_Work required_
When you repeat the material, keep each line exact and omit the pictures.

_Given records_
● ● ● ● ● ● ●

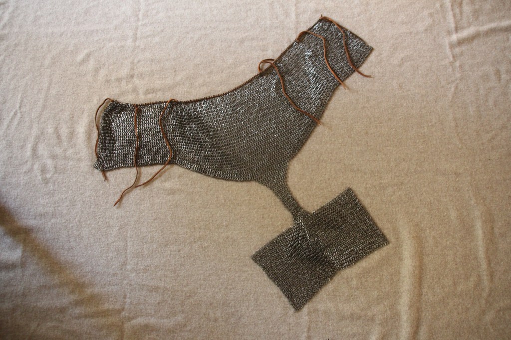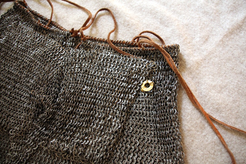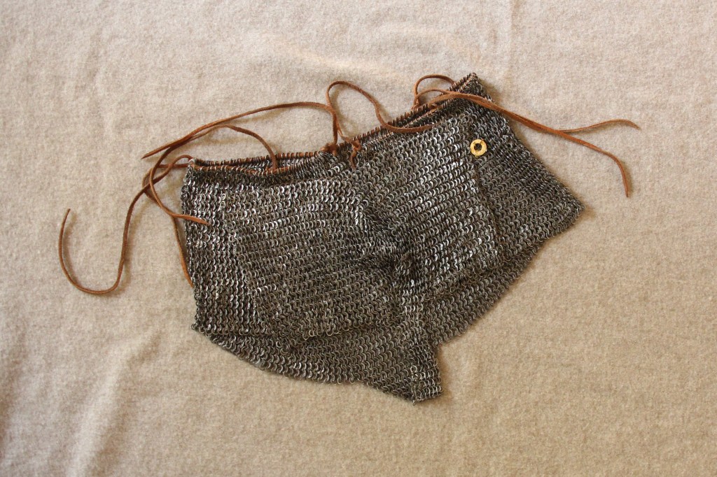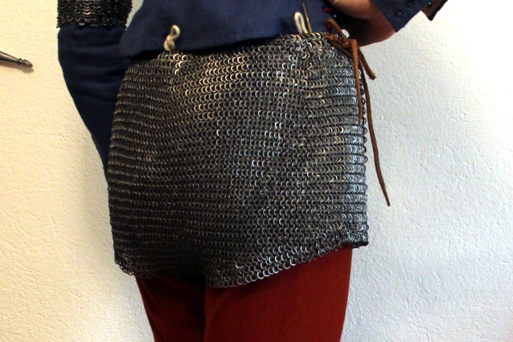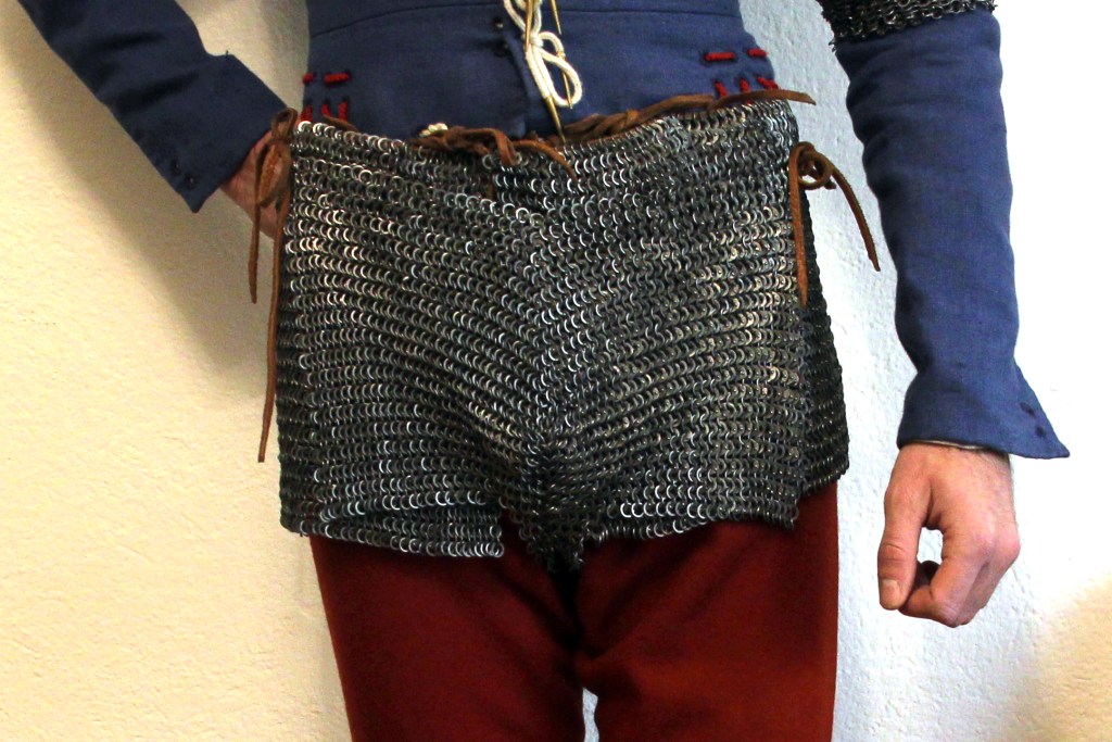 Die vom fantastischen Team Ironskin in Nürnberg gefertigte Brayette ist da. Diese Shorts aus Ringpanzergeflecht sind seit dem späteren 14. Jahrhundert belegt und stellen eine Alternative zu Ringpanzerröcken dar. Besonders beim Gefecht zu Fuß bedeckt eine Ringpanzer-Brayette den Unterleib eben mehr bzw. umfassender, als es ein Rock kann.
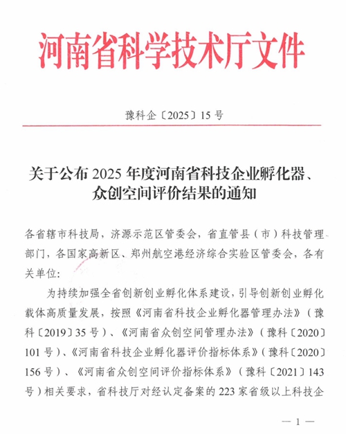 近日,河南省科學(xué)技術(shù)廳正式發(fā)布《關(guān)于公布2025年度河南省科技企業(yè)孵化器眾創(chuàng)空間評(píng)價(jià)結(jié)果的通知》(豫科企〔2025〕15號(hào)),鄭州城發(fā)集團(tuán)金岱智慧產(chǎn)業(yè)園憑借扎實(shí)的孵化服務(wù)能力、突出的創(chuàng)新培育成效,在全省223家省級(jí)以上科技企業(yè)孵化器的嚴(yán)格考評(píng)中脫穎而出,榮獲最高考核等級(jí)——“優(yōu)秀(A類(lèi))”!
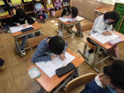 今日は「年」と「立」を学習しました。だんだん画数が増えてきますが,丁寧に書くように心がけていました。また,これまでいろんな漢字を学習してきましたが,今年の漢字をクラスで話し合いました。みんなの投票した結果,今年の漢字は「水」に決まりました。
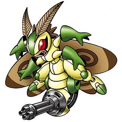 由「知识的数码精神」力量进化而来的装甲体昆虫型数码兽。与飞蜂兽、蜜蜂兽和蝴蝶兽一样都是古尼兽大量孳生时出现的虚幻数码兽。他们当中,飞蛾兽脾气粗暴,具有攻击习性。羽翼所含的磷粉包含火药的成分,他有时浇上这种磷粉威吓敌人。长在尾巴上的「加特林机枪」放出的必杀技「飞蛾加特林」能够以每秒100发放出炮弹,没有方法从这种炮击中逃脱。另外被射出的炮弹产生磷粉,因为深陷体内爆炸,所以与飞蛾兽战斗而败北的型甚原减数码兽,看到的也就是凄惨的样子吧。
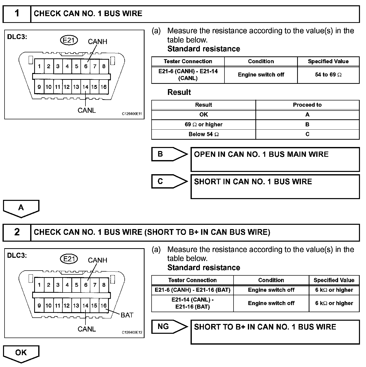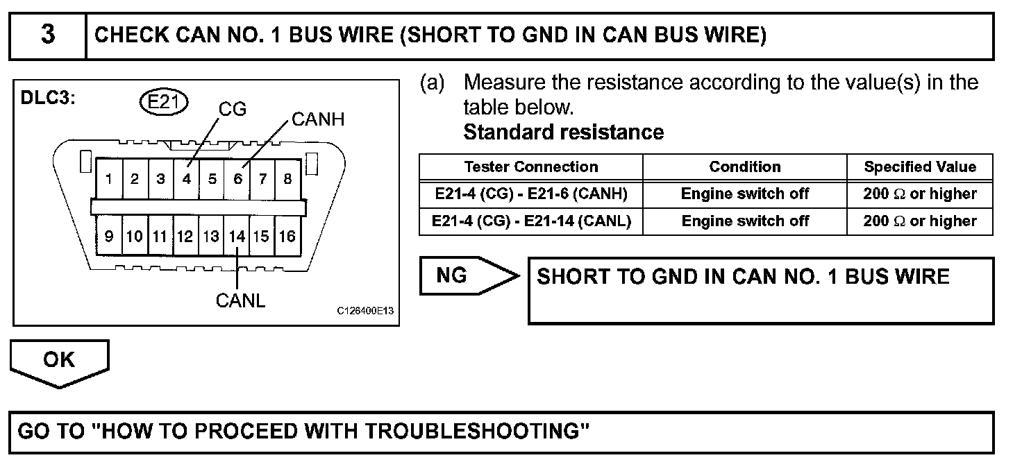 When all DTCs and sensors connected to the CAN communication system are not displayed on the intelligent tester's "BUS CHECK" screen via CAN VIM, first measure the resistance between the terminals of the DLC3 to specify the trouble area.
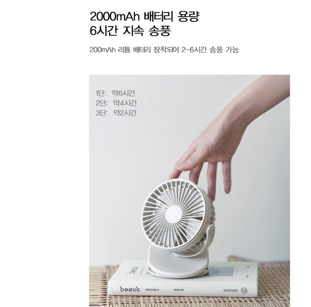 샤오미 Solove F3 클립형 무선선풍기는 2000mAh의 배터리 용량을 제공합니다.
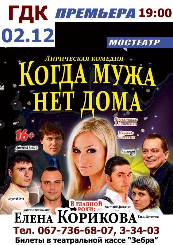 «Кременчугский Телеграф» разыгрывает 14 билетов на спектакль «Когда мужа нет дома». В главной роли – Елена Корикова. Спектакль состоится 2 декабря в ГДК.
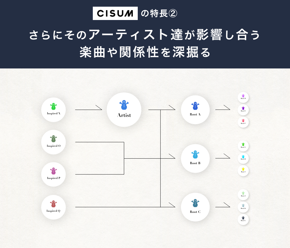 CISUMは1万以上のアーティストデータと10万以上の楽曲データをもとに、アーティスト・楽曲・関連人物などのつながりをデータツリー化し、スタイリッシュなデザインで誰でも簡単に人物や楽曲のつながりを辿ることができます。
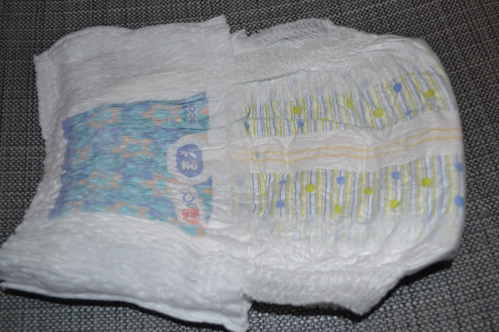 Grįžus namo, po mankštos iš karto pradėjau ieškoti informacijos ir pačios pirmos sauskelnės, kurias aš nusipirkau buvo Moony newborn. Jos tikrai man labai patiko. Gimus dukrai naudojome tik jas ir gavus promo kūdikio dėžutę ir pabandžius ten įdėtas sauskelnes sutrikau… Pasirodo ant daugelio rinkoje esančių mažų dydžių sauskelnių net gi nebuvo išpjauta vieta bambagyslei! Neliesti bambagyslės ir jos neuždengti yra labai svarbu, kad bambytė užgytų sėkmingai.
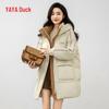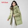 Damen Mittellange Kapuzen Daunenjacke mit Farbblock
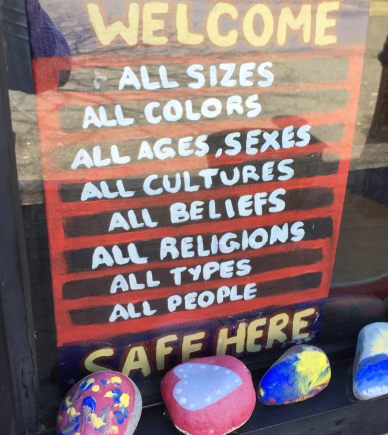 Not much to say about fine dining in Winthrop, but we did have an excellent dinner the first night right there at the Winthrop Arms, and an excellent lunch the second day at the Blackstrap BBQ, owned and run by two refugees from Cambridge’s famous East Coast Grill. In addition to having great food and service, I couldn’t resist taking a picture of the oh-so-Cantabrigian sign in the front window. We did indeed feel welcome:

● ● ● ● ● ● ●

_Task answer_
 Die vom fantastischen Team Ironskin in Nürnberg gefertigte Brayette ist da. Diese Shorts aus Ringpanzergeflecht sind seit dem späteren 14. Jahrhundert belegt und stellen eine Alternative zu Ringpanzerröcken dar. Besonders beim Gefecht zu Fuß bedeckt eine Ringpanzer-Brayette den Unterleib eben mehr bzw. umfassender, als es ein Rock kann.
 近日,河南省科學(xué)技術(shù)廳正式發(fā)布《關(guān)于公布2025年度河南省科技企業(yè)孵化器眾創(chuàng)空間評(píng)價(jià)結(jié)果的通知》(豫科企〔2025〕15號(hào)),鄭州城發(fā)集團(tuán)金岱智慧產(chǎn)業(yè)園憑借扎實(shí)的孵化服務(wù)能力、突出的創(chuàng)新培育成效,在全省223家省級(jí)以上科技企業(yè)孵化器的嚴(yán)格考評(píng)中脫穎而出,榮獲最高考核等級(jí)——“優(yōu)秀(A類(lèi))”!
 今日は「年」と「立」を学習しました。だんだん画数が増えてきますが,丁寧に書くように心がけていました。また,これまでいろんな漢字を学習してきましたが,今年の漢字をクラスで話し合いました。みんなの投票した結果,今年の漢字は「水」に決まりました。
 由「知识的数码精神」力量进化而来的装甲体昆虫型数码兽。与飞蜂兽、蜜蜂兽和蝴蝶兽一样都是古尼兽大量孳生时出现的虚幻数码兽。他们当中,飞蛾兽脾气粗暴,具有攻击习性。羽翼所含的磷粉包含火药的成分,他有时浇上这种磷粉威吓敌人。长在尾巴上的「加特林机枪」放出的必杀技「飞蛾加特林」能够以每秒100发放出炮弹,没有方法从这种炮击中逃脱。另外被射出的炮弹产生磷粉,因为深陷体内爆炸,所以与飞蛾兽战斗而败北的型甚原减数码兽,看到的也就是凄惨的样子吧。
 When all DTCs and sensors connected to the CAN communication system are not displayed on the intelligent tester's "BUS CHECK" screen via CAN VIM, first measure the resistance between the terminals of the DLC3 to specify the trouble area.
 샤오미 Solove F3 클립형 무선선풍기는 2000mAh의 배터리 용량을 제공합니다.
 «Кременчугский Телеграф» разыгрывает 14 билетов на спектакль «Когда мужа нет дома». В главной роли – Елена Корикова. Спектакль состоится 2 декабря в ГДК.
 CISUMは1万以上のアーティストデータと10万以上の楽曲データをもとに、アーティスト・楽曲・関連人物などのつながりをデータツリー化し、スタイリッシュなデザインで誰でも簡単に人物や楽曲のつながりを辿ることができます。
 Grįžus namo, po mankštos iš karto pradėjau ieškoti informacijos ir pačios pirmos sauskelnės, kurias aš nusipirkau buvo Moony newborn. Jos tikrai man labai patiko. Gimus dukrai naudojome tik jas ir gavus promo kūdikio dėžutę ir pabandžius ten įdėtas sauskelnes sutrikau… Pasirodo ant daugelio rinkoje esančių mažų dydžių sauskelnių net gi nebuvo išpjauta vieta bambagyslei! Neliesti bambagyslės ir jos neuždengti yra labai svarbu, kad bambytė užgytų sėkmingai.
 Damen Mittellange Kapuzen Daunenjacke mit Farbblock
 Not much to say about fine dining in Winthrop, but we did have an excellent dinner the first night right there at the Winthrop Arms, and an excellent lunch the second day at the Blackstrap BBQ, owned and run by two refugees from Cambridge’s famous East Coast Grill. In addition to having great food and service, I couldn’t resist taking a picture of the oh-so-Cantabrigian sign in the front window. We did indeed feel welcome:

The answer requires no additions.